You can also try the star drift alignment method for even better accuracy, time consuming but very accurate.
See these websites for additional info on polar alignment:
http://www.themcdonalds.net/richard/astro/writings/setupEqPolar.shtml
http://www.astro-tom.com/tips_and_advice/precision_polar_alignment.htm
http://www.arksky.org/Kochab.htm Clay's Kochab Clock
http://www.petesastrophotography.com/ drift alignment tutorial.

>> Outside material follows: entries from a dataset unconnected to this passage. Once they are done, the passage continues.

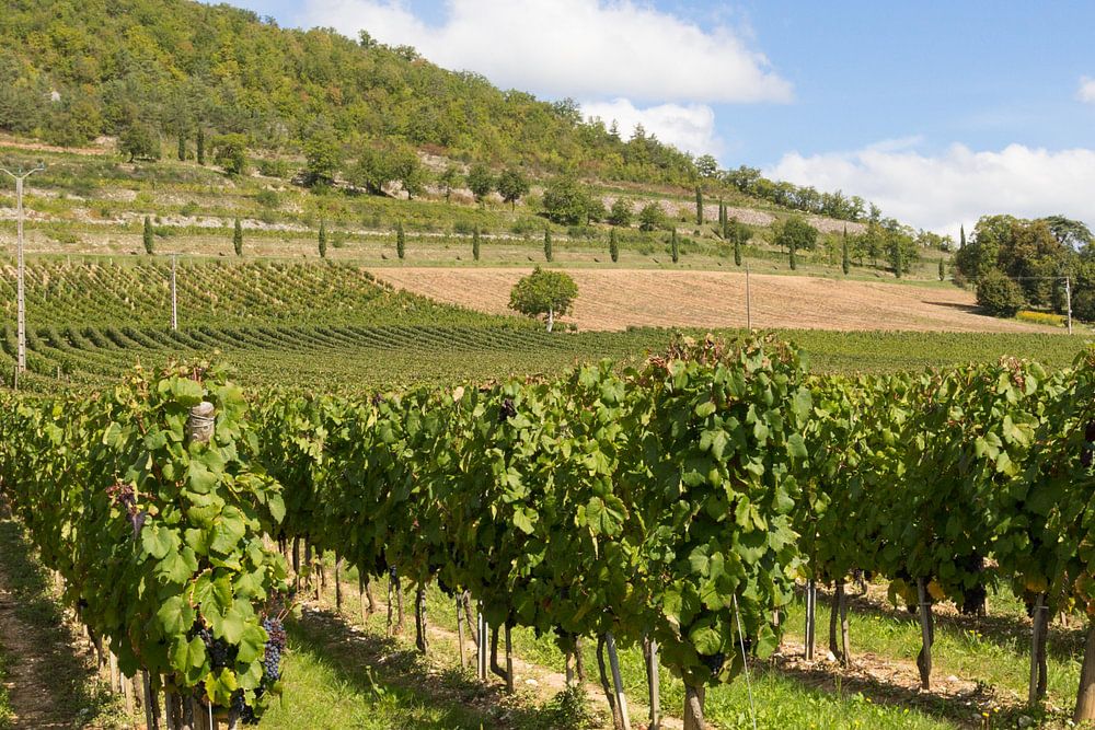 Frankrijk, het land van wijn! Prachtige streek (Dordogne/Lot) waar veel wijngaarden te vinden zijn. Mooie overzichtsfoto met het landschap op de achtergrond.
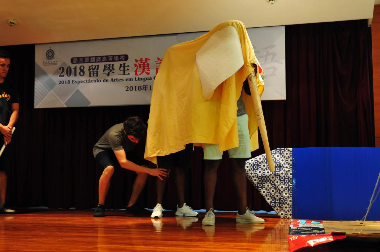 另外,“留学生汉语才艺汇演” 安排在汇智楼演讲厅举行,各年级的国际学生组织上台献艺,节目形式丰富,内容生动有趣,有小品、相声、诗歌朗诵等。其中二年级的学生集体合作表演了舞台剧“曹冲称象”;一年级的学生在小品“吃饭”中串演曲艺、诗歌朗诵;三年级的学生则用中葡文朗诵了葡萄牙着名诗人贾梅士的长诗《葡国魂》片段,现场气氛热烈。值得提及的是,一年级的国际学生以仅学了不到半年的中文表演小品,并串唱中文歌曲、诗歌朗颂。活动凸显了国际学生学习中文的积极态度,反映了理工提高国际学生中文水平的教学成效。
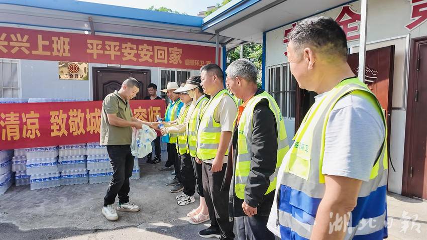 湖北日报客户端讯(通讯员储璐瑶 孙诗炜)炎炎夏日,热浪席卷全城。当市民纷纷躲进阴凉处避暑时,崇阳县盛景环卫的工人们却依旧坚守在街头巷尾,顶着烈日清扫路面、清运垃圾,用汗水守护着城市的洁净。7月7日,崇阳县宝维泰商行开展“夏日送清凉”活动,为这群可敬的劳动者送去饮用水,让爱心在高温中传递,用实际行动为炎炎夏日“降温”。
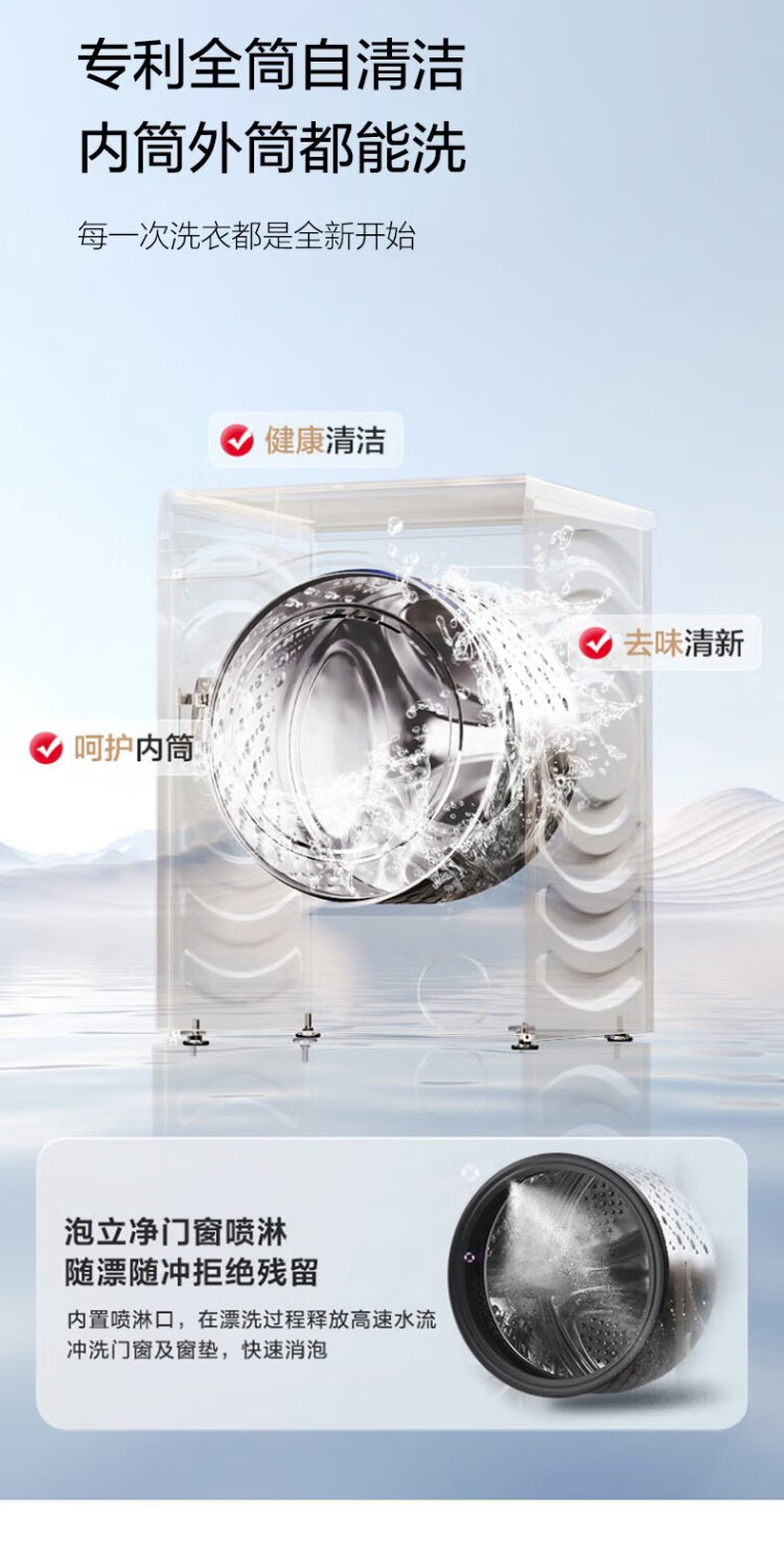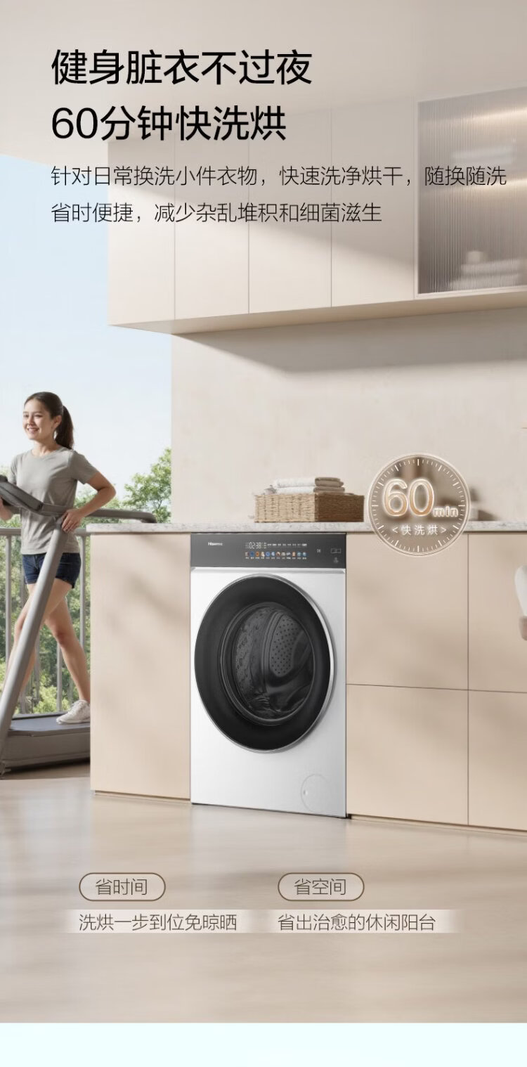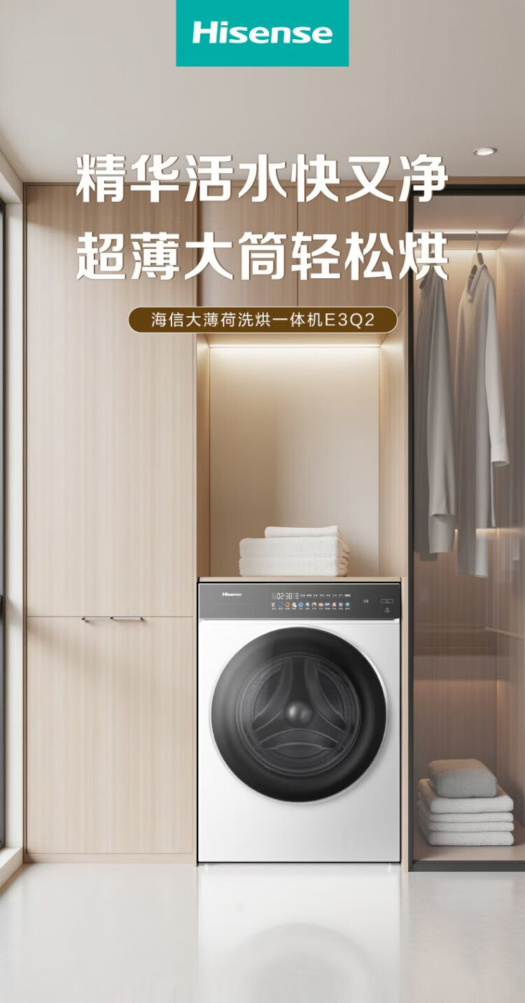 Hisense large mint drum washing machine with integrated dryer 10kg 1.25 cleaning ratio scale-resistant running water washing large drum diameter ultra-thin body WD100E3Q2 national subsidy

I hope this helps you and others with similar problems. Just offering suggestions and passing on to you things I've learned. This stuff isn't easy but once you build a knowledge base, things fall into place.
Best of luck,
jupiterjk
PS: Training the drive motors is very important but also periodic error can also cause the stars to drift because of eccentricities in the RA worm gear. I don't think the LXD 55 had the capability to do PEC out of the box. Upgrading handcontroller firmware may allow it to do PEC. Check with Meade on this. If Smart Drive appears in your setup menu then go to PEC Train and follow the instructions in the Meade manual. The LXD 75 has Smart Drive Periodic Error Correction. The setup takes measurements of the eccentricities and then compensates for these errors when PEC is enabled.